THE TASK :: Pictures excluded, output the lines of the data below between the one holding "图 1 台州市航摄范围图" and the one holding "Pú veist hvernig þetta er", inclusive, exactly as they stand.

GIVEN ENTRIES ::
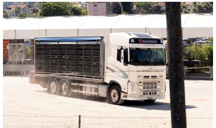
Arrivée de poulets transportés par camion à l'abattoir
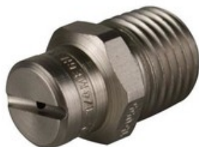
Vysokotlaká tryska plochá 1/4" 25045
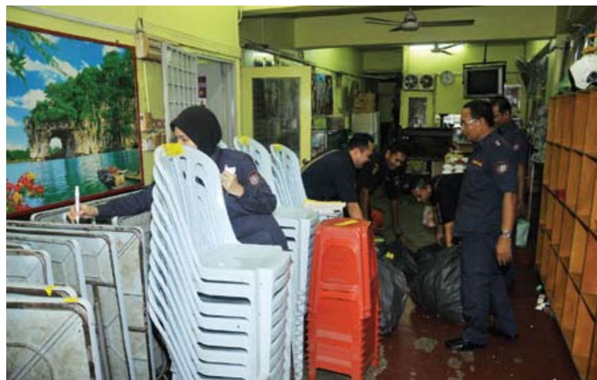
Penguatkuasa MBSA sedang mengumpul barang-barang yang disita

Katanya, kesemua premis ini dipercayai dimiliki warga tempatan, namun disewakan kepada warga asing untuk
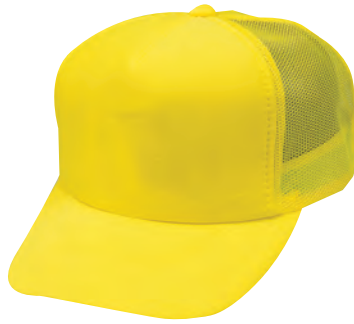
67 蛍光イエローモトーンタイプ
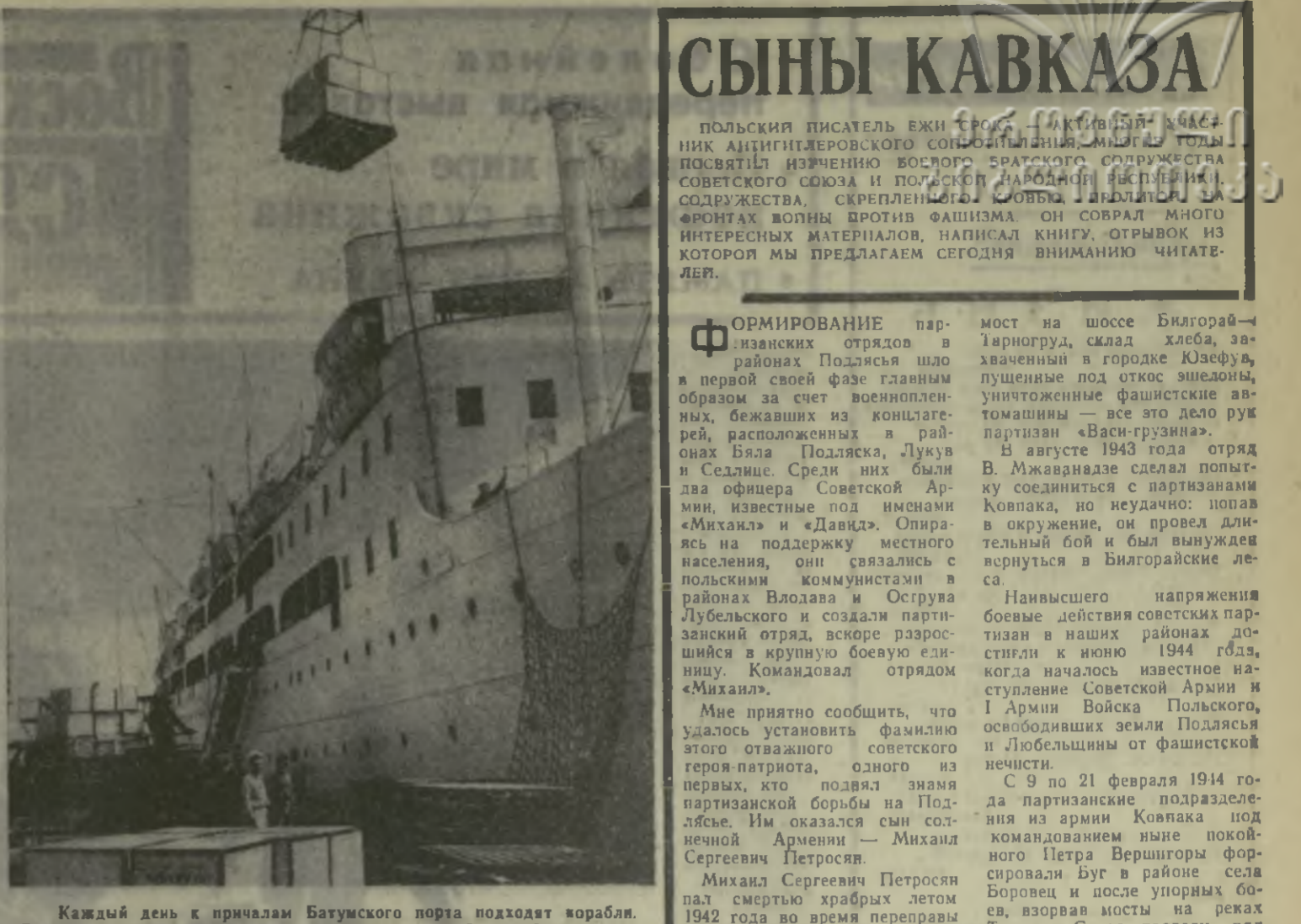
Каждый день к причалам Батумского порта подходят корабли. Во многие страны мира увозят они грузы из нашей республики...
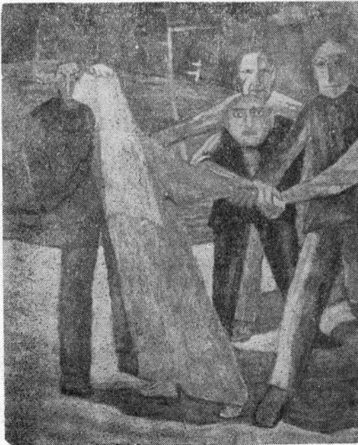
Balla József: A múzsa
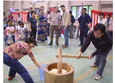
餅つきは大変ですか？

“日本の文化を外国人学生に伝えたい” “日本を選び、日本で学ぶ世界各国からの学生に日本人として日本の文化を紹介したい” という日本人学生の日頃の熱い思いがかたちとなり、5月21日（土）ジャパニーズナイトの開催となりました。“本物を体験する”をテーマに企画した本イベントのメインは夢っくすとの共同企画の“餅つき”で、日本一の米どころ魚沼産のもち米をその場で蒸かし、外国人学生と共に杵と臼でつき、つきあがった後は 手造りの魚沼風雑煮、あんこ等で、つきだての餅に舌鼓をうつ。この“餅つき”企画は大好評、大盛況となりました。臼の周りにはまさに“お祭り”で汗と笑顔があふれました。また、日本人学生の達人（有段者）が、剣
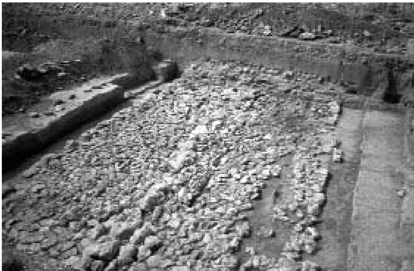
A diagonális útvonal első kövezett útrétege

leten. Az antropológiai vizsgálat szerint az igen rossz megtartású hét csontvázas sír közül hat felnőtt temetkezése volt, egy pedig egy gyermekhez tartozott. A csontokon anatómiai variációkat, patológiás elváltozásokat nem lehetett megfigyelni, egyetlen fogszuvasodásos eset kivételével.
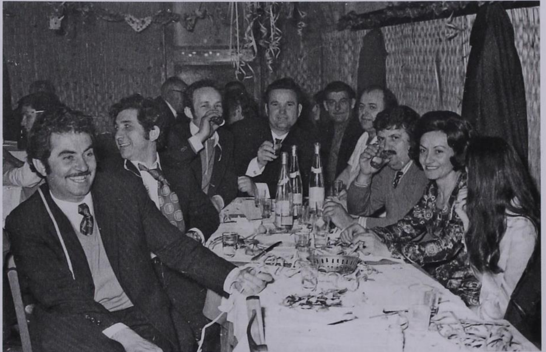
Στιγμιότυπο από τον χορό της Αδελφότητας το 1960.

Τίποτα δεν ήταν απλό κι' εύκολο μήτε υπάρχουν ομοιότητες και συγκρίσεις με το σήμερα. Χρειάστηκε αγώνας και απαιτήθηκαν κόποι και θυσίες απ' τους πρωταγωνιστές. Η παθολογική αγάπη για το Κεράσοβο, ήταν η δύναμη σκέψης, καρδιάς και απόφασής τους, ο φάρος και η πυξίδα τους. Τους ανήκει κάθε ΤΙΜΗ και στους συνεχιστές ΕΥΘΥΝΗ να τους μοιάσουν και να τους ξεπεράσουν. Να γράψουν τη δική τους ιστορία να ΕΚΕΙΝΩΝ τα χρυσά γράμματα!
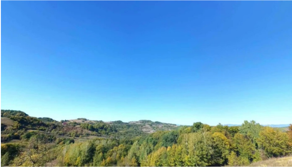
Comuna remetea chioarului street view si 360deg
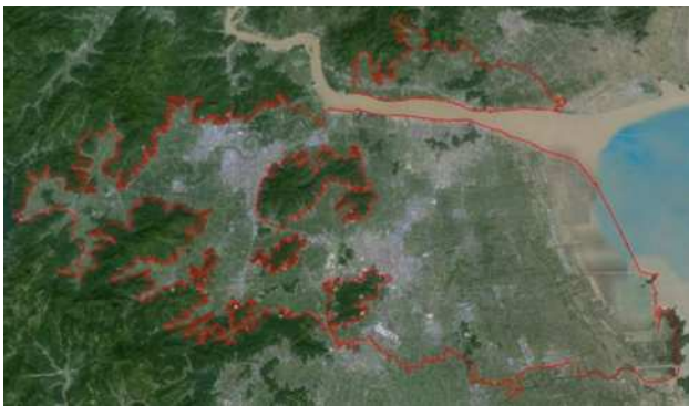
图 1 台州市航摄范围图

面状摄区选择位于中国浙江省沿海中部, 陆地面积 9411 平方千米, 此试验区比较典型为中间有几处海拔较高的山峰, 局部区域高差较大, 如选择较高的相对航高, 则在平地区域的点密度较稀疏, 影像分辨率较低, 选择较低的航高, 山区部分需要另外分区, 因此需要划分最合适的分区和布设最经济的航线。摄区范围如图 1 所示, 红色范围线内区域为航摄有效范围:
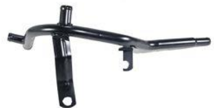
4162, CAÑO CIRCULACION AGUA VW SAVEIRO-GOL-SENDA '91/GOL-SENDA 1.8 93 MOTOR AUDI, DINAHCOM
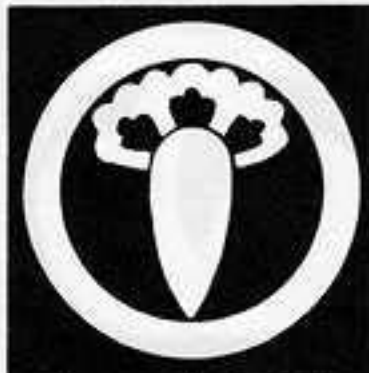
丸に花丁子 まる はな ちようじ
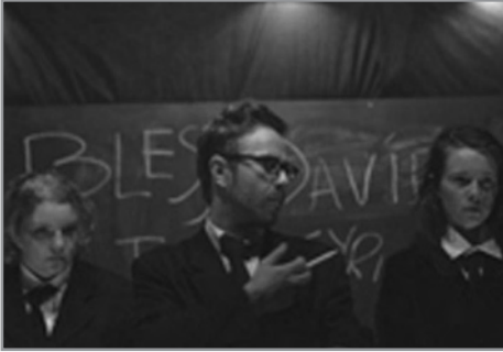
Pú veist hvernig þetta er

---

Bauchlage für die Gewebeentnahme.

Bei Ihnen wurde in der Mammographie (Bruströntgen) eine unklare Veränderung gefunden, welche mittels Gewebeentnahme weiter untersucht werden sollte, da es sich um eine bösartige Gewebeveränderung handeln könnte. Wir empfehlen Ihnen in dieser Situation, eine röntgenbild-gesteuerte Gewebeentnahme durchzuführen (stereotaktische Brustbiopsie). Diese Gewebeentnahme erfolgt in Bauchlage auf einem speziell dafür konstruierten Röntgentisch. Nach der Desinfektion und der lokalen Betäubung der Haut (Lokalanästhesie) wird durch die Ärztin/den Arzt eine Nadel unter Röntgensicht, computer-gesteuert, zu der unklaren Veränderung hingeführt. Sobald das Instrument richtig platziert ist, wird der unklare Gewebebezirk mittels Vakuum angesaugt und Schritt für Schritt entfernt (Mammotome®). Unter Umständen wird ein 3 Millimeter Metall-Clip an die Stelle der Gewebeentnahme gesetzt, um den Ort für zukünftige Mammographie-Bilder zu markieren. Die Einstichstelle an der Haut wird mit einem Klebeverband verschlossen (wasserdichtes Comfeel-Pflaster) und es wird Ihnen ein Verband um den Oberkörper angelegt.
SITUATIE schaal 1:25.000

...

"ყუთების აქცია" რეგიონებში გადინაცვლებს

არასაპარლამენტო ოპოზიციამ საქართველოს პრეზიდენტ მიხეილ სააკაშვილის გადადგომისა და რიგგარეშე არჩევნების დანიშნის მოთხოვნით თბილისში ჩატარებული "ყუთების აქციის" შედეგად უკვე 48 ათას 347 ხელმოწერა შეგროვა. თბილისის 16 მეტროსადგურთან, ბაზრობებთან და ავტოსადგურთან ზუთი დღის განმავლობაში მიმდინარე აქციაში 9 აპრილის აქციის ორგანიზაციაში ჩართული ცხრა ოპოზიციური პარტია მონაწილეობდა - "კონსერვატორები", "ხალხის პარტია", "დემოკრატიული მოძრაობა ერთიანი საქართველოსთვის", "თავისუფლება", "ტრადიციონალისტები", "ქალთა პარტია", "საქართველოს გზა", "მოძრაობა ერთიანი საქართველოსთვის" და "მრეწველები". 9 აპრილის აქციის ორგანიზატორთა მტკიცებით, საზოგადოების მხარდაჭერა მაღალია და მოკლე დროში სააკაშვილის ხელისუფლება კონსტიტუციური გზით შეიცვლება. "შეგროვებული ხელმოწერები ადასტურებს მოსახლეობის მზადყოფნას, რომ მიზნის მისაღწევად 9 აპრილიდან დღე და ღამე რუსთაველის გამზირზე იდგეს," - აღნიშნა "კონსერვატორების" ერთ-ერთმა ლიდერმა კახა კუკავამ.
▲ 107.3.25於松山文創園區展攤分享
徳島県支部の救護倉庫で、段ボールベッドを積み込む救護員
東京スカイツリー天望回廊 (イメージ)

SOLUTION FOR THIS PROBLEM ::
图 1 台州市航摄范围图

面状摄区选择位于中国浙江省沿海中部, 陆地面积 9411 平方千米, 此试验区比较典型为中间有几处海拔较高的山峰, 局部区域高差较大, 如选择较高的相对航高, 则在平地区域的点密度较稀疏, 影像分辨率较低, 选择较低的航高, 山区部分需要另外分区, 因此需要划分最合适的分区和布设最经济的航线。摄区范围如图 1 所示, 红色范围线内区域为航摄有效范围:
4162, CAÑO CIRCULACION AGUA VW SAVEIRO-GOL-SENDA '91/GOL-SENDA 1.8 93 MOTOR AUDI, DINAHCOM
丸に花丁子 まる はな ちようじ
Pú veist hvernig þetta er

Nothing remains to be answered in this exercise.